Rispetto ad altri cognomi di origine anglosassone, Goodart mostra una distribuzione concentrata negli Stati Uniti, con un'incidenza che, seppur piccola in termini assoluti, è significativa in rapporto al totale della sua popolazione. La limitata dispersione geografica in Europa suggerisce che si tratti di un cognome che si è consolidato principalmente nel continente americano, soprattutto negli Stati Uniti, dove le comunità di immigrati hanno mantenuto e trasmesso questi cognomi nel corso delle generazioni.
Origine ed etimologia di Goodart
Il cognome Goodart sembra avere radici nel mondo anglosassone o germanico, dato il suo schema fonetico e la sua attuale distribuzione geografica. Sebbene non esistano documenti storici dettagliati che ne spieghino l'esatta origine, è possibile che si tratti di una variante di cognomi simili come Goodhart o Goodhartt, che a loro volta potrebbero derivare da nomi composti o termini descrittivi dell'inglese antico.
Un'ipotesi plausibile è che il cognome abbia un'origine toponomastica, legata a luoghi in cui la parola "Buono" e qualche elemento descrittivo o geografico si univano per formare un nome di famiglia. Un'altra possibilità è che si tratti di un cognome patronimico, derivato da un nome o soprannome di un antenato, che col tempo è diventato la forma attuale.
Il significato del cognome, in senso letterale, potrebbe essere associato a qualità positive, come "buono" o "virtuoso", in riferimento alle caratteristiche di un antenato. Tuttavia, poiché la struttura non è comune nei cognomi tradizionali anglosassoni, è probabile che si tratti di una variante o di una forma regionale che si è affermata in alcuni gruppi migratori.
Per quanto riguarda le varianti ortografiche, è possibile trovare forme come Goodhart, Goodhartt, o varianti anche meno frequenti, che riflettono i cambiamenti della scrittura nel tempo e nei diversiregioni. La presenza negli Stati Uniti e nel Regno Unito suggerisce che il cognome potrebbe essersi evoluto da forme più antiche nei dialetti inglesi o germanici, adattandosi alle particolarità fonetiche e ortografiche di ciascuna regione.

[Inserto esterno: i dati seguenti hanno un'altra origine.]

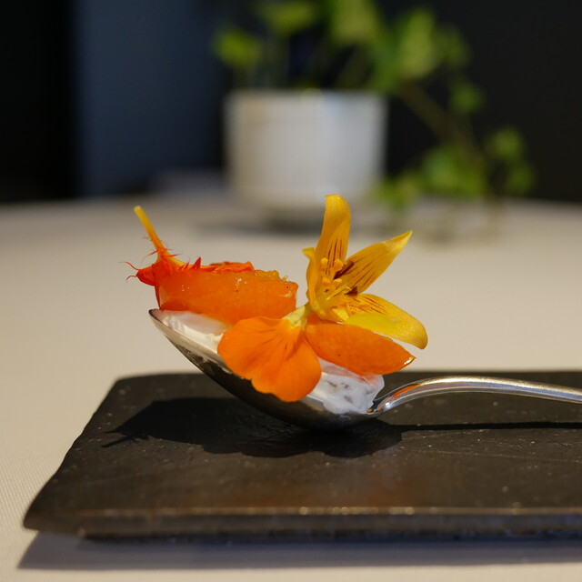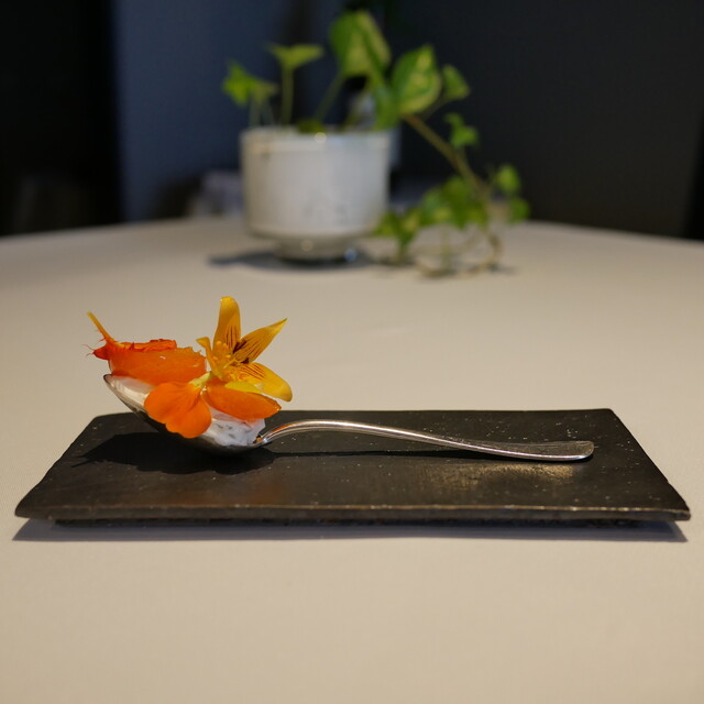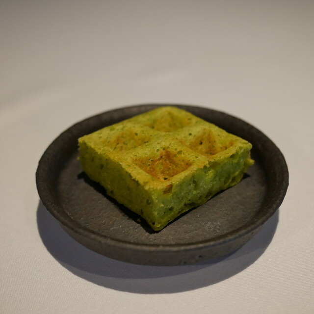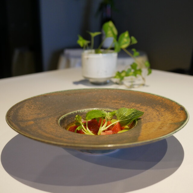 塩釜産天然本鮪と垢田トマトのマリネ 花山葵の香り ワッフル

Presenza per continenti e regioni
Il cognome Goodart è presente principalmente nel Nord America, con gli Stati Uniti come principale roccaforte. L'incidenza in questo Paese, con circa 299 persone, indica che si tratta di un cognome relativamente raro, ma con una presenza significativa in alcune comunità. La migrazione europea, soprattutto dai paesi di lingua inglese e germanica, è stata un fattore determinante nella distribuzione di questo cognome negli Stati Uniti.

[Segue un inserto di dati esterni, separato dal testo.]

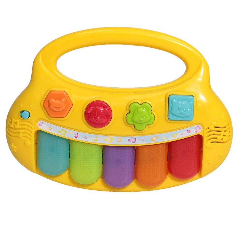 Piano avec clavier de 5 notes à lumières clignotantes,bruitages animaliers et loufoques ainsi que des notes de musiques et mélodies entraînantes.

In Europa la sua presenza è molto limitata. In Scozia si registra un solo caso, suggerendo che il cognome non sia originario della regione, ma potrebbe essere arrivato in tempi recenti o attraverso specifiche migrazioni. In Italia viene segnalato anche un singolo caso, rafforzando l'idea che non si tratti di un cognome tradizionalmente italiano, ma che la sua presenza possa essere dovuta a movimenti migratori o matrimoni internazionali.
Negli altri continenti non esistono dati che indichino una presenza significativa del cognome Goodart, che rafforza il suo carattere di cognome di nicchia, con una distribuzione concentrata in alcuni paesi di lingua inglese e nelle comunità di immigrati negli Stati Uniti.

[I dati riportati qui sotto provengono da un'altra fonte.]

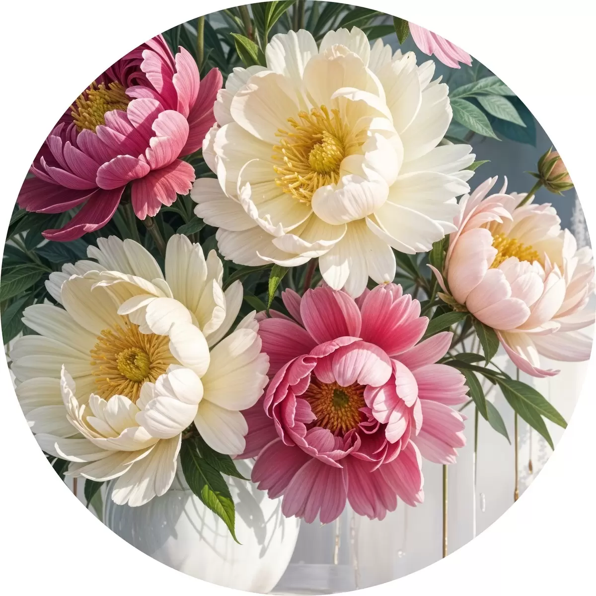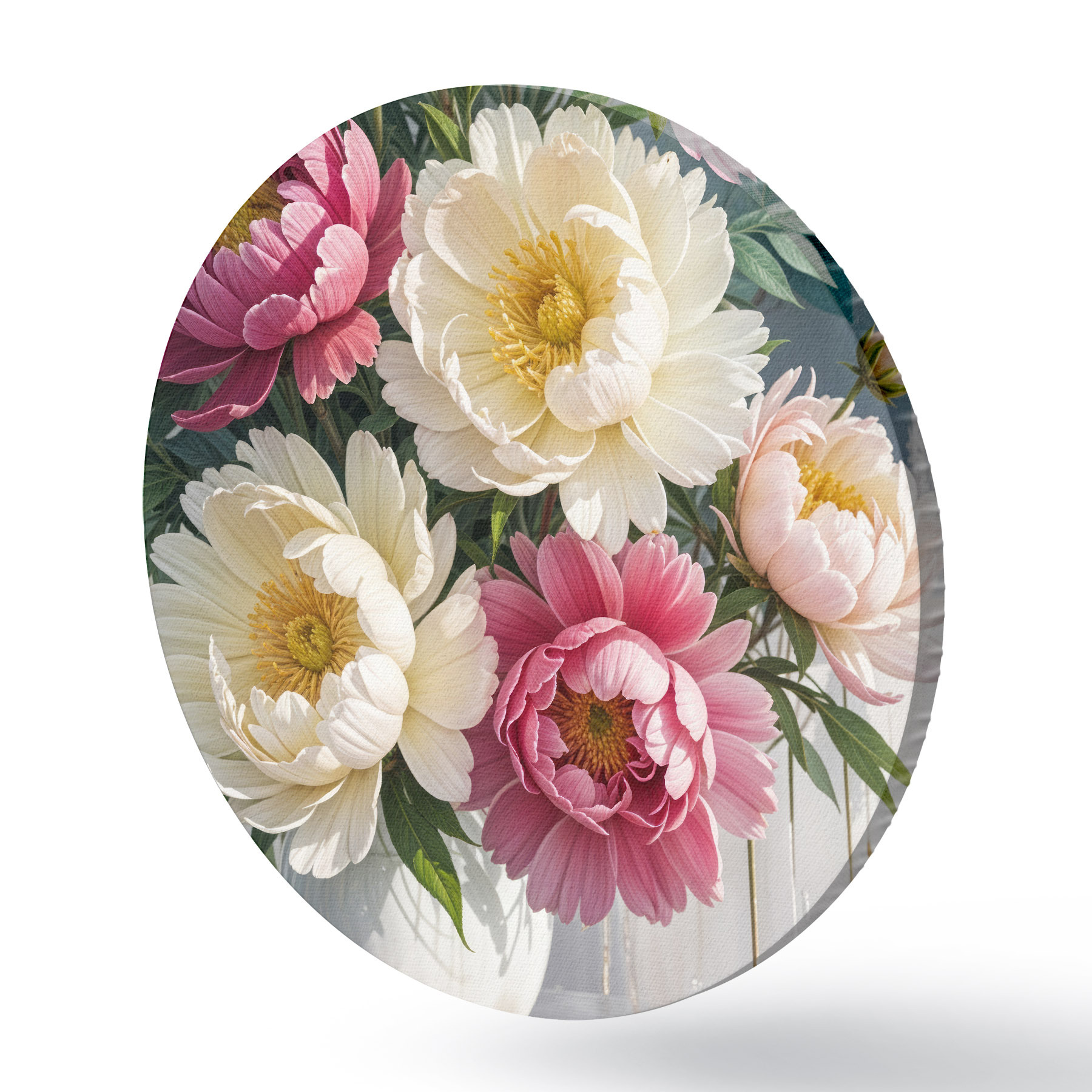 Runde Gemälde Ein Strauß lebendiger Pfingstrosenblüten in verschiedenen Rosa-, Weiß- und Gelbtönen mit Farbspritzern r40403

La distribuzione regionale riflette modelli storici di migrazione e insediamento. La forte presenza negli Stati Uniti potrebbe essere collegata alle ondate migratorie nei secoli XIX e XX, quando molte famiglie con cognomi simili arrivarono dall'Europa in cerca di nuove opportunità. La limitata presenza in altri paesi europei indica che il cognome non ha radici profonde in quelle regioni, ma è il risultato di movimenti migratori più recenti o di rapporti familiari internazionali.